WHAT YOU WILL DO: Character for character, transcribe the entries below, minus the images.

EXCERPTED RECORDS:
- - -

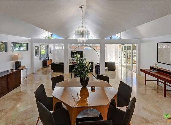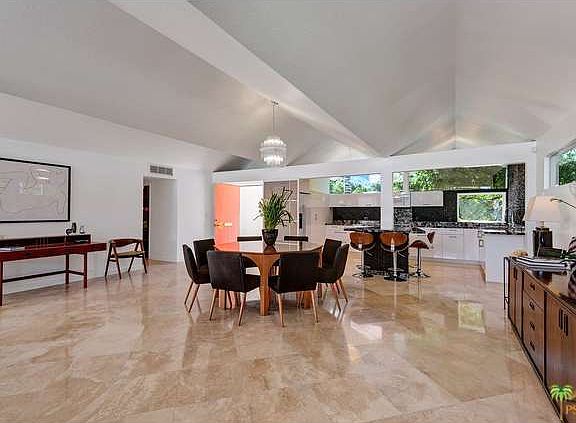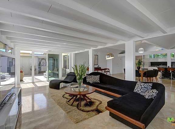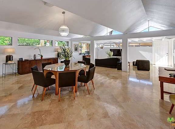 It was said of architect Barry Berkus that his designs were 'not for the faint of heart', but you'll swoon with joy when you see the passion built into this folded plate Las Palmas condo. Travertine flooring runs throughout this artfully restored home, with clerestory windows everywhere, providing views and a seamless transparency from indoors to outdoors, affirming the architect's vision. The kitchen has full walls of black river rock with Brazilian mosaic granite counters and European white high gloss cabinetry. All lighting fixtures are hand selected vintage originals. The master suite is bathed in sun or moonlight, and has an exquisitely tiled spa bath with glass enclosed Jacuzzi tub and glass vessel sinks. One guest room has double doors to the breeze-block enclosed,tiled patio that extends the living space, and the second bath with Japanese soaking tub has a modern Zen feel. The open living space, with folded and beamed ceiling,celebrates this triumph of Mid-century design.
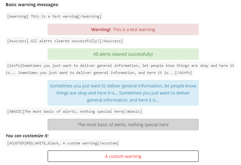 Add ALERTS, WARNINGS and other custom notifications to your Flarum posts.
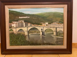 Preciosa pintura al óleo que representa una vista de Ourense con su puente y edificios. - Marco de madera. - Tonos marrones y verdes predominantes.
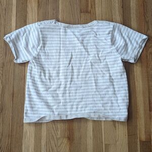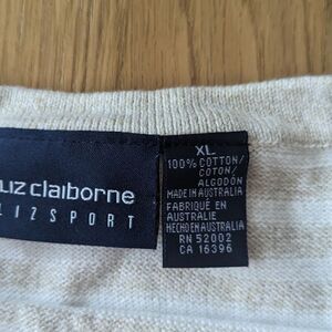 Liz Claiborne short sleeve sweater tan & white striped length 22" pit to pit 21"
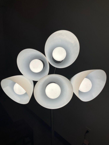 Five shade floor lamp with adjustable necks Brushed steel finish Dimensions: 8" x 10.5" x 72", 13.3 lbs Bulbs included.
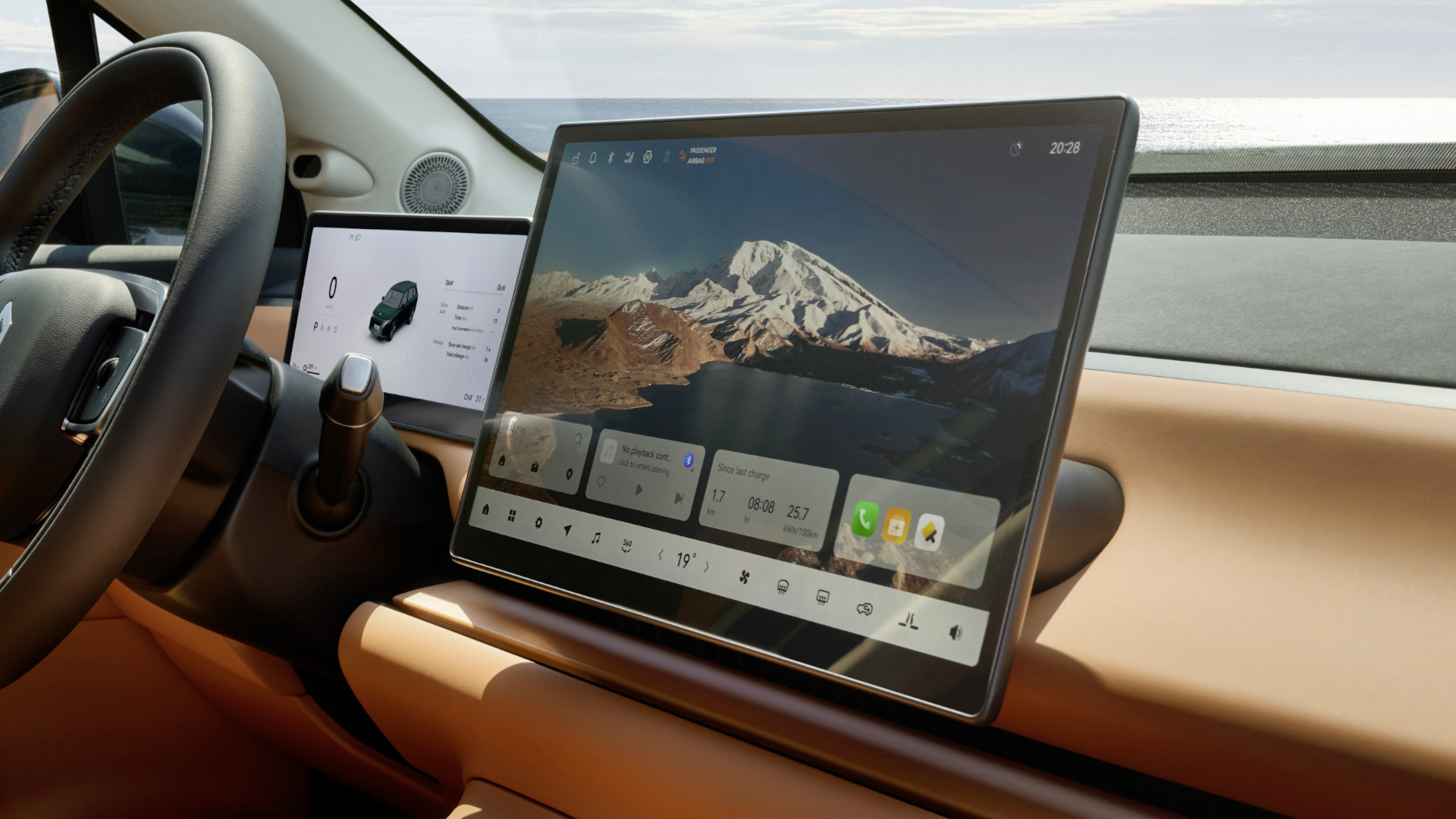 Die Steuerung im Innenraum wandert fast vollkommen in das Entertainment-System. Diese Technologie ist Geschmackssache, Leapmotor hat zumindest Blinker, Automatikhebel und Fensterheber konventionell ausgeführt. Wenngleich die Scheiben beim Druck nach unten hinauffahren und beim Ziehen nach oben herunter. Das ist auch nach einigen Tagen noch seltsam. Für alles andere kommt das Infotainment zum Einsatz - von der Klimaanlage bis zur Sitzheizung oder dem Einstellen der Seitenspiegel. Die beiden Rollen rechts und links am Lenkrad, die verschiedene Funktionen übernehmen können, scheinen ebenfalls von Tesla inspiriert. Hinter dem Lenkrad ist ein 10,25 Zoll großer Bildschirm angebracht, auf der Armatur ein 14,6 Zoll HD-Display. Das Infotainment reagiert sehr schnell und ist übersichtlich strukturiert. Beim Wischen, Vergrößern und Verkleinern ruckelt nichts.
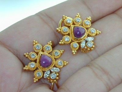 22K Two Toned (Yellow-White) Gold, Cabochon Ruby, Diamond Earrings The total Earrings' weight is 13.7 grams. The total weight of the Diamond is 0.75 cts approxmiately, G color VS clarity. Total weight of Cabochon Ruby is 2.75 ct. approximately. The size of the earring is 19 x 20 mm, 5 mm in Thickness.
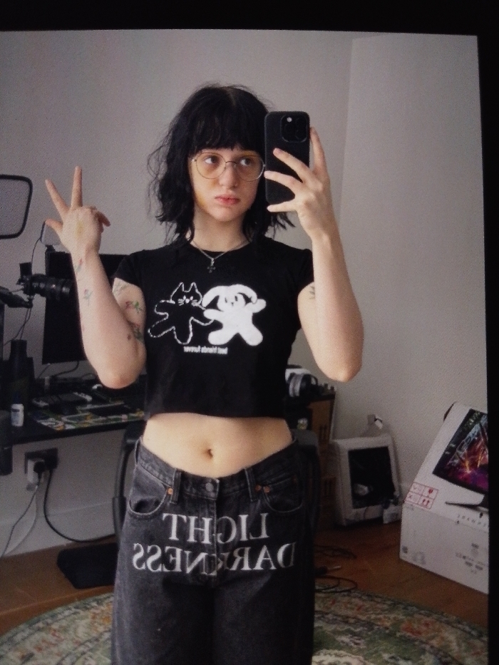 This image, appearing to be a photograph of a digital display, depicts a young female individual taking a mirror selfie indoors in Lares, United States of America. The subject, centrally framed, has shoulder-length dark hair with bangs and wears round, wire-rimmed glasses. Her expression is neutral with slightly pouting lips. She is dressed in a black, short-sleeved, cropped t-shirt featuring a white graphic of a cat and a rabbit with mirrored text below. Her lower garment consists of dark-wash denim jeans with vertically aligned, mirrored white text reading "THG IL" (LIGHT) on the left thigh and "SSENKRAD" (DARKNESS) on the right thigh. A silver-colored pendant necklace is worn. Tattoos are visible on both forearms. Her raised left hand displays a 'V' gesture, while her right hand holds a dark-colored smartphone, positioned to capture her reflection. The background behind the subject features a light-colored wall, a wooden floor partially covered by a patterned rug. To the left, a microphone on a boom arm and a desktop computer setup are present on a dark-colored desk. To the right, a CRT monitor and a white cardboard box, displaying an image of a monitor, are visible on the floor.
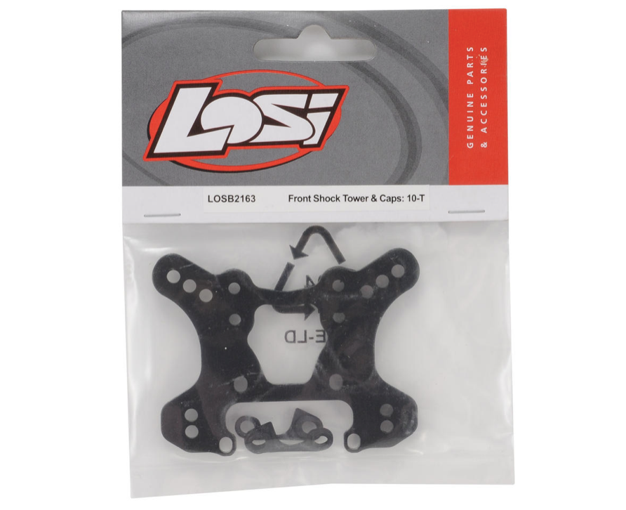 This is a replacement Losi Front Shock Tower and Caps, and is intended for use with the Losi Ten-T truck. This front shock tower attaches to the front bulkhead and secures the upper portion of the shock at the shock cap. This shock tower features three optional shock mount positions to alter the shock geometry by moving the shocks either in or out on the tower, as well as two camber link locations to adjust the front roll center.

- - -

EXERCISE RESULT:
 It was said of architect Barry Berkus that his designs were 'not for the faint of heart', but you'll swoon with joy when you see the passion built into this folded plate Las Palmas condo. Travertine flooring runs throughout this artfully restored home, with clerestory windows everywhere, providing views and a seamless transparency from indoors to outdoors, affirming the architect's vision. The kitchen has full walls of black river rock with Brazilian mosaic granite counters and European white high gloss cabinetry. All lighting fixtures are hand selected vintage originals. The master suite is bathed in sun or moonlight, and has an exquisitely tiled spa bath with glass enclosed Jacuzzi tub and glass vessel sinks. One guest room has double doors to the breeze-block enclosed,tiled patio that extends the living space, and the second bath with Japanese soaking tub has a modern Zen feel. The open living space, with folded and beamed ceiling,celebrates this triumph of Mid-century design.
 Add ALERTS, WARNINGS and other custom notifications to your Flarum posts.
 Preciosa pintura al óleo que representa una vista de Ourense con su puente y edificios. - Marco de madera. - Tonos marrones y verdes predominantes.
 Liz Claiborne short sleeve sweater tan & white striped length 22" pit to pit 21"
 Five shade floor lamp with adjustable necks Brushed steel finish Dimensions: 8" x 10.5" x 72", 13.3 lbs Bulbs included.
 Die Steuerung im Innenraum wandert fast vollkommen in das Entertainment-System. Diese Technologie ist Geschmackssache, Leapmotor hat zumindest Blinker, Automatikhebel und Fensterheber konventionell ausgeführt. Wenngleich die Scheiben beim Druck nach unten hinauffahren und beim Ziehen nach oben herunter. Das ist auch nach einigen Tagen noch seltsam. Für alles andere kommt das Infotainment zum Einsatz - von der Klimaanlage bis zur Sitzheizung oder dem Einstellen der Seitenspiegel. Die beiden Rollen rechts und links am Lenkrad, die verschiedene Funktionen übernehmen können, scheinen ebenfalls von Tesla inspiriert. Hinter dem Lenkrad ist ein 10,25 Zoll großer Bildschirm angebracht, auf der Armatur ein 14,6 Zoll HD-Display. Das Infotainment reagiert sehr schnell und ist übersichtlich strukturiert. Beim Wischen, Vergrößern und Verkleinern ruckelt nichts.
 22K Two Toned (Yellow-White) Gold, Cabochon Ruby, Diamond Earrings The total Earrings' weight is 13.7 grams. The total weight of the Diamond is 0.75 cts approxmiately, G color VS clarity. Total weight of Cabochon Ruby is 2.75 ct. approximately. The size of the earring is 19 x 20 mm, 5 mm in Thickness.
 This image, appearing to be a photograph of a digital display, depicts a young female individual taking a mirror selfie indoors in Lares, United States of America. The subject, centrally framed, has shoulder-length dark hair with bangs and wears round, wire-rimmed glasses. Her expression is neutral with slightly pouting lips. She is dressed in a black, short-sleeved, cropped t-shirt featuring a white graphic of a cat and a rabbit with mirrored text below. Her lower garment consists of dark-wash denim jeans with vertically aligned, mirrored white text reading "THG IL" (LIGHT) on the left thigh and "SSENKRAD" (DARKNESS) on the right thigh. A silver-colored pendant necklace is worn. Tattoos are visible on both forearms. Her raised left hand displays a 'V' gesture, while her right hand holds a dark-colored smartphone, positioned to capture her reflection. The background behind the subject features a light-colored wall, a wooden floor partially covered by a patterned rug. To the left, a microphone on a boom arm and a desktop computer setup are present on a dark-colored desk. To the right, a CRT monitor and a white cardboard box, displaying an image of a monitor, are visible on the floor.
 This is a replacement Losi Front Shock Tower and Caps, and is intended for use with the Losi Ten-T truck. This front shock tower attaches to the front bulkhead and secures the upper portion of the shock at the shock cap. This shock tower features three optional shock mount positions to alter the shock geometry by moving the shocks either in or out on the tower, as well as two camber link locations to adjust the front roll center.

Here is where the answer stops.